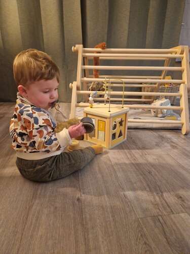 Wij hadden ook zoiets gekocht maar hij doet er niks mee.. terwijl hij wel graag de trap, bank en stoelen beklimt..
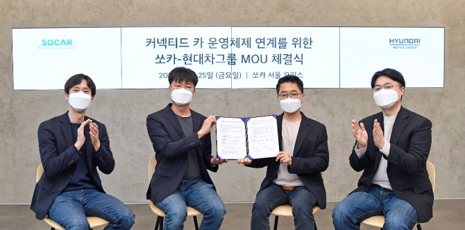 이미지 확대보기현대차는 지난 25일 서울시 성동구에 있는 쏘카 서울오피스에서 ‘커넥티드 카 운영체제 연계를 위한 업무 협약(MOU)’을 체결했다고 27일 밝혔다.
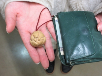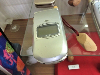 現在、根付には、財布や携帯電話に下げるストラップなどの実用的な美術品として現代的な用途が見出されています。「伊勢根付彫刻館」でも、根付の使用例として、忠峰さんが生前に使っていた携帯電話に根付を付けて展示しています。
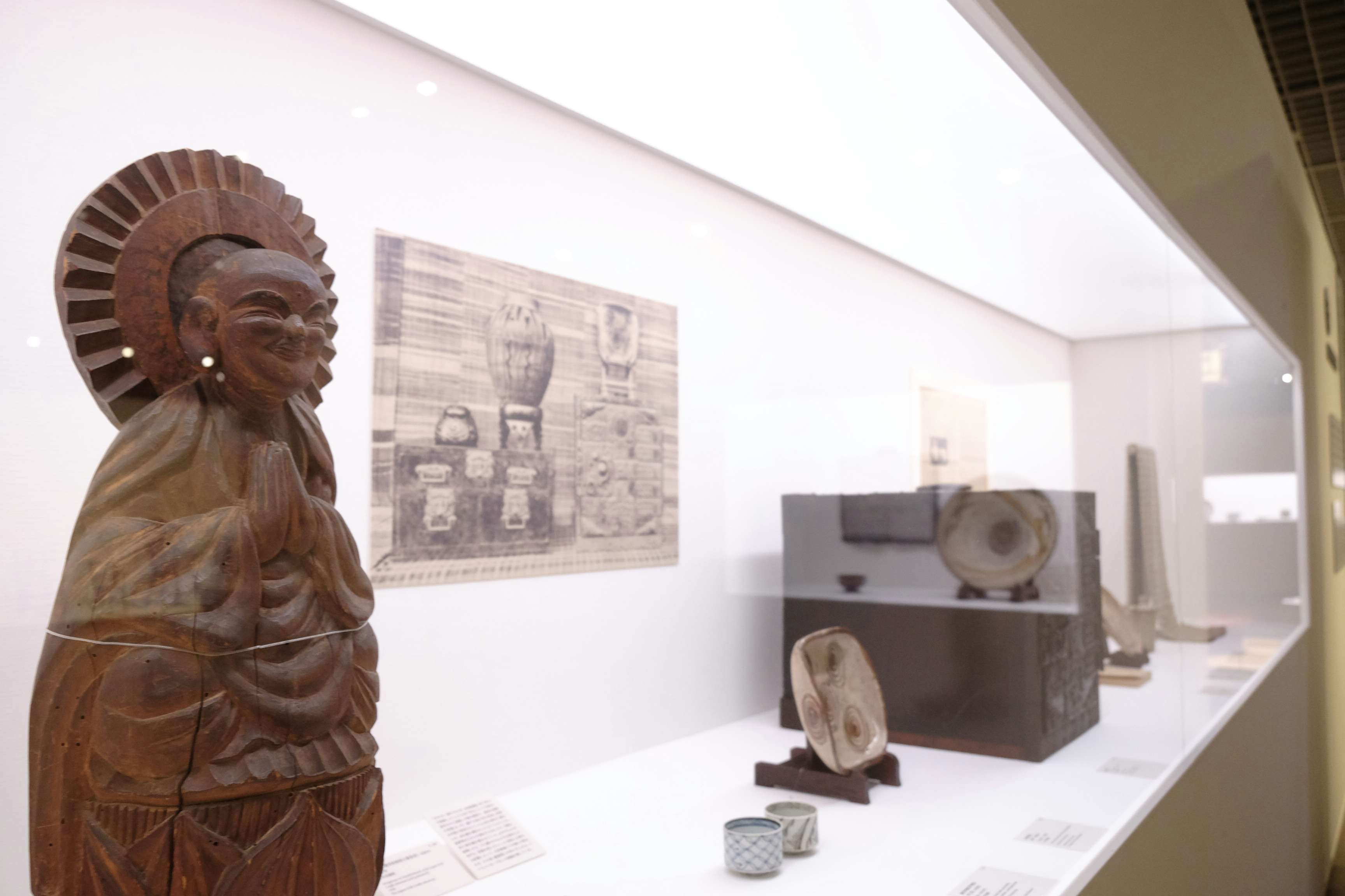 展示風景より、手前は木喰五行《地蔵菩薩像》(1801) 日本民藝館蔵
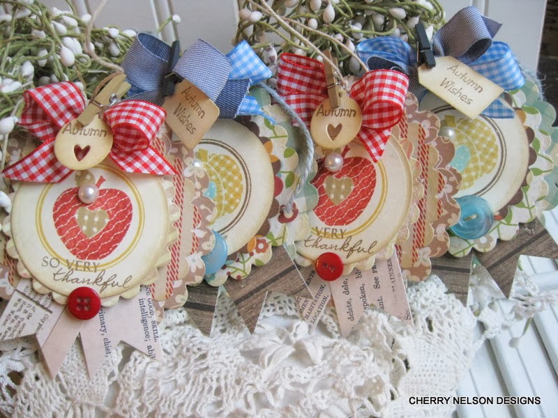 Hi there! Got some fun little fall tags to share today for RRR. Again using my spell binder dies, I just did a heap of layering. I used stamps from Wplus9 and Purple Onion. I love prim or country style stamps...I never tire of them. To me they never go out of style. I mixed it up with my ribbons using 3/8 red gingham, blue denim ribbon, and 3/8 blue gingham. I also used the Jute string in light blue . This would be cute as a little hostess gift for Thanksgiving or change them up for place cards! Enjoy, Cherry
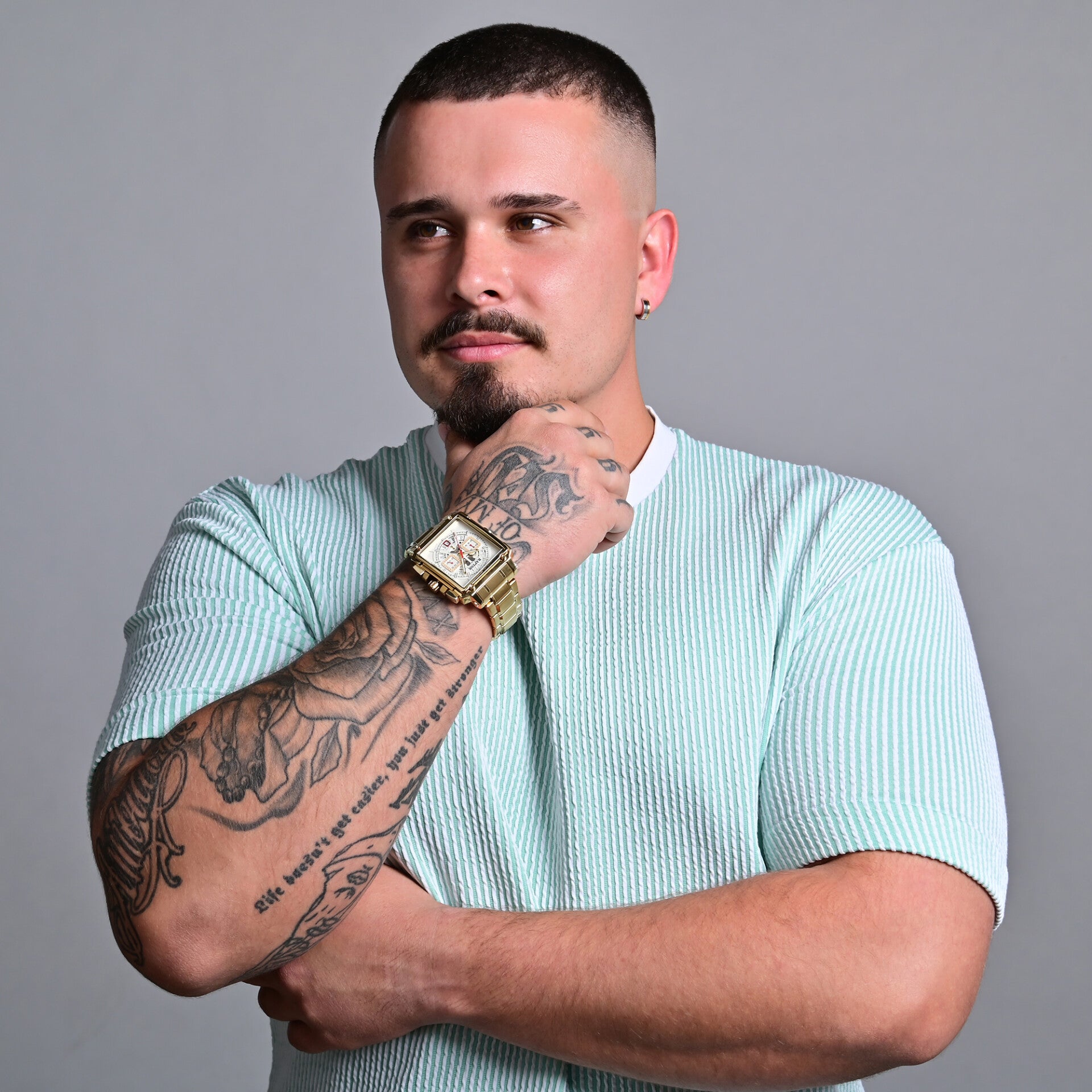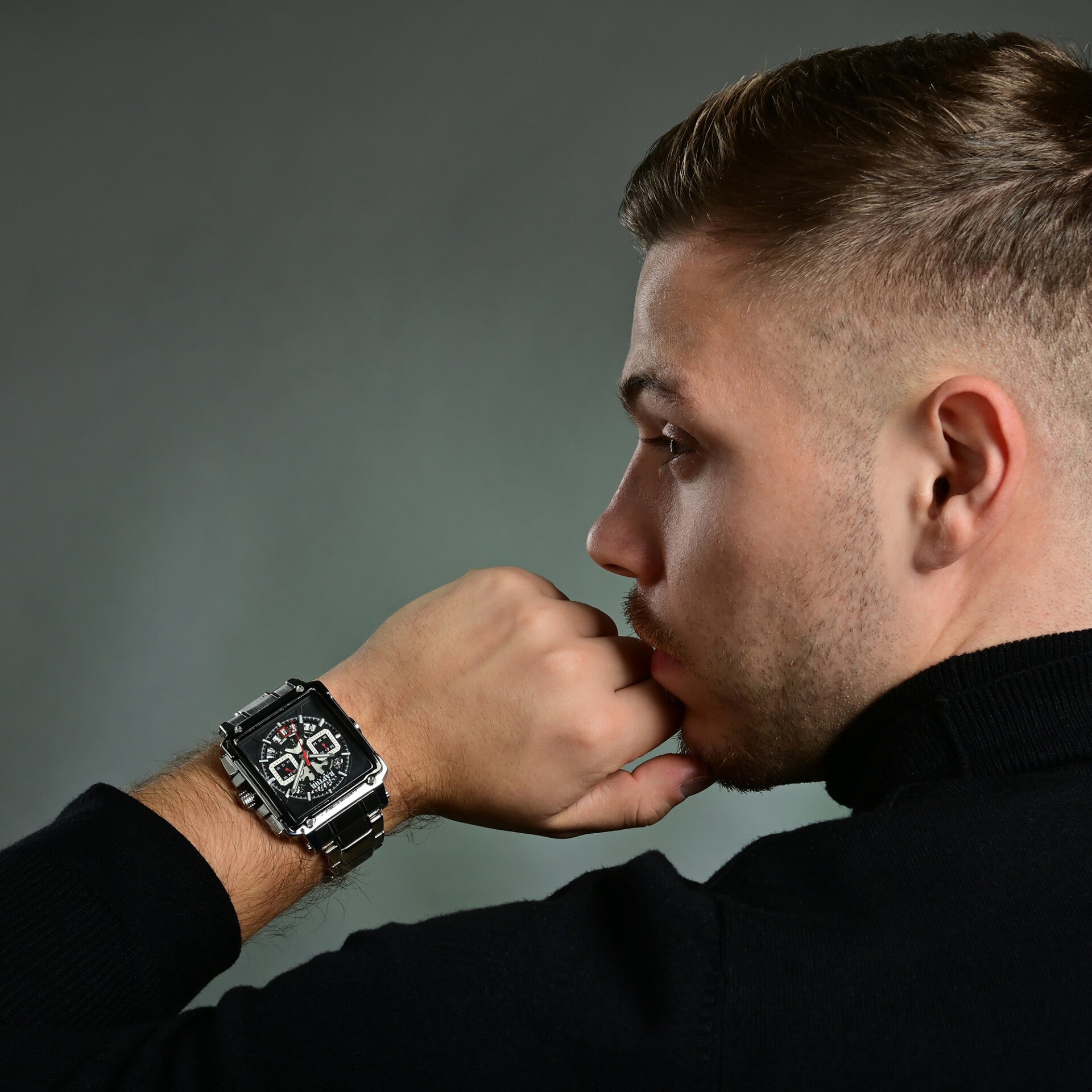 Die Raptor Limited „Oscar“ ist der Inbegriff von maskuliner Stärke und markantem Stil. Mit ihrem großzügig dimensionierten, rechteckigen Gehäuse (56 x 52 mm) und dem konisch zulaufenden Edelstahlarmband (24 mm) setzt diese Herrenuhr ein unübersehbares Statement. Die Faltschließe garantiert dabei sicheren Halt und angenehmen Tragekomfort – perfekt für den Alltag und besondere Anlässe.
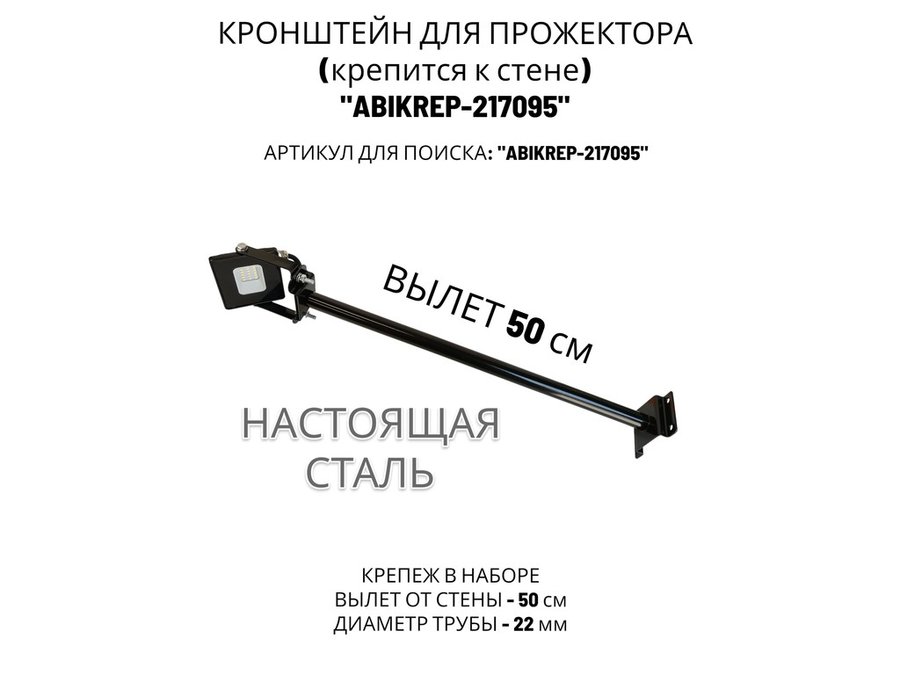 В корзину Купить в 1 клик Кронштейн для прожектора к стене, диаметр 22мм, вылет 0,5 м "ABIKREP-217095" черный, основание 9х6см
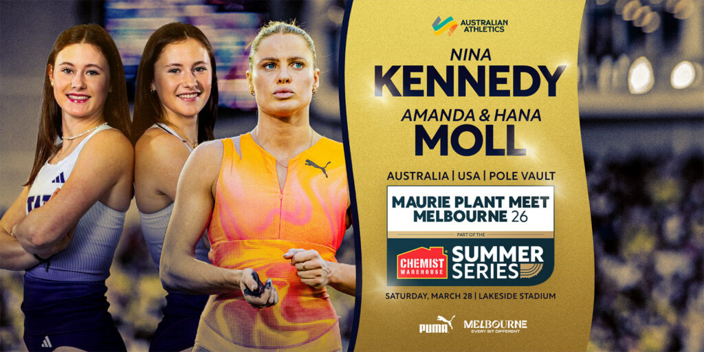 Olympic gold medallist Nina Kennedy is ready to rise to the occasion of her first Maurie Plant Meet – Melbourne, where the pole vault champion will take flight on Australia’s biggest stage against twin sensations Amanda Moll and Hana Moll from the United States.
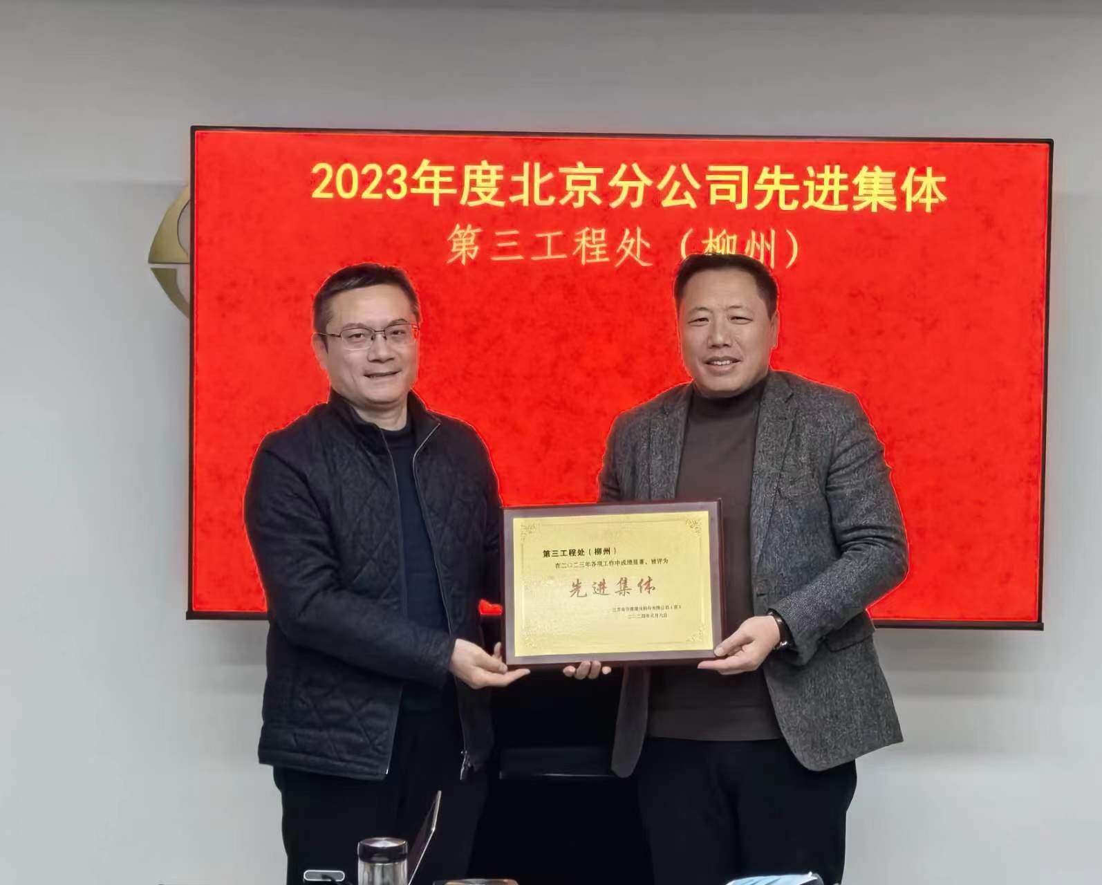 副總經(jīng)理陳永明宣讀關(guān)于表彰公司2023年度先進(jìn)集體和先進(jìn)個(gè)人的決定,戴壯民、朱靖為獲獎(jiǎng)工程處代表進(jìn)行頒獎(jiǎng)并合影。
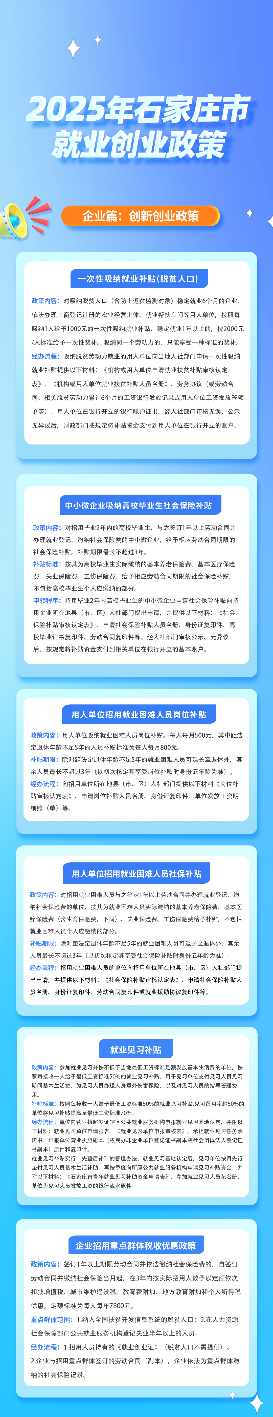 >> 2025年石家莊市就業(yè)創(chuàng)業(yè)政策-企業(yè)篇(創(chuàng)新創(chuàng)業(yè)政策)
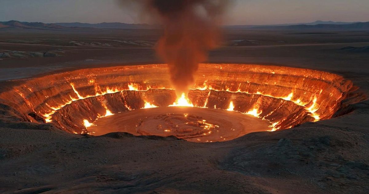 В знаменитой пустыне Каракум в Туркменистане находится уникальный природный объект, который прозвали «Вратами в ад». Главная особенность кратера Дарваза состоит в том, что в нём газ выходит из-под земли, после чего распадается на сотни горящих факелов. Образовалась воронка случайно в результате геологических работ, а пожар на месте их проведения продолжается до сих пор. На протяжении нескольких десятков лет учёные продолжают спорить: можно ли потушить «вечное возгорание» или нужно ли принимать подобные меры?
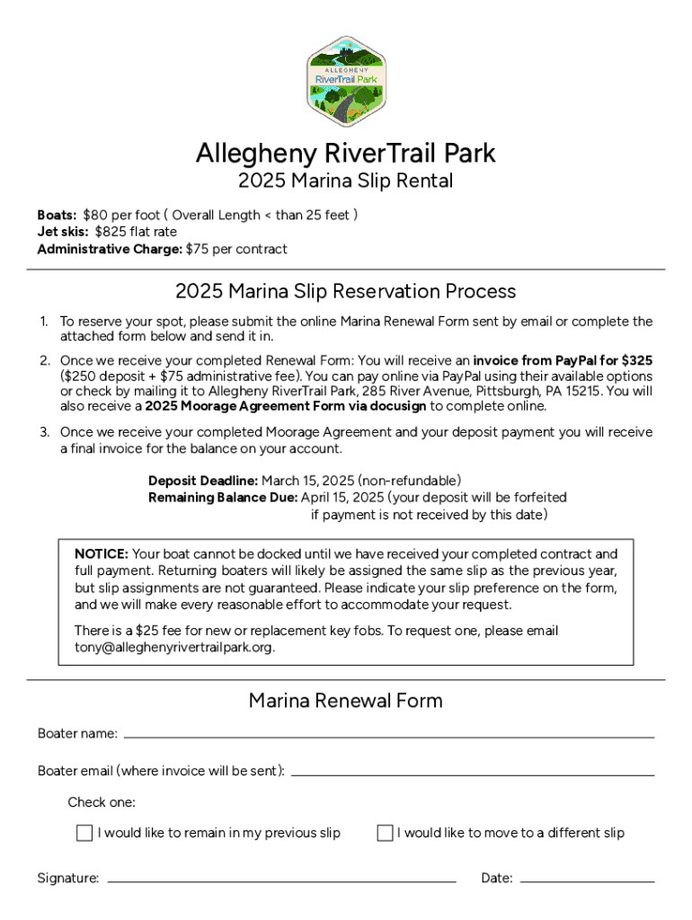 This document outlines the details for reserving a marina slip at Allegheny RiverTrail Park for the year 2025, including rental fees, payment process, deadlines, and necessary forms.

* Instructions for the task
Repeat the data verbatim through the "Hi there! Got" line, no pictures.

* Written response
 Wij hadden ook zoiets gekocht maar hij doet er niks mee.. terwijl hij wel graag de trap, bank en stoelen beklimt..
 이미지 확대보기현대차는 지난 25일 서울시 성동구에 있는 쏘카 서울오피스에서 ‘커넥티드 카 운영체제 연계를 위한 업무 협약(MOU)’을 체결했다고 27일 밝혔다.
 現在、根付には、財布や携帯電話に下げるストラップなどの実用的な美術品として現代的な用途が見出されています。「伊勢根付彫刻館」でも、根付の使用例として、忠峰さんが生前に使っていた携帯電話に根付を付けて展示しています。
 展示風景より、手前は木喰五行《地蔵菩薩像》(1801) 日本民藝館蔵
 Hi there! Got some fun little fall tags to share today for RRR. Again using my spell binder dies, I just did a heap of layering. I used stamps from Wplus9 and Purple Onion. I love prim or country style stamps...I never tire of them. To me they never go out of style. I mixed it up with my ribbons using 3/8 red gingham, blue denim ribbon, and 3/8 blue gingham. I also used the Jute string in light blue . This would be cute as a little hostess gift for Thanksgiving or change them up for place cards! Enjoy, Cherry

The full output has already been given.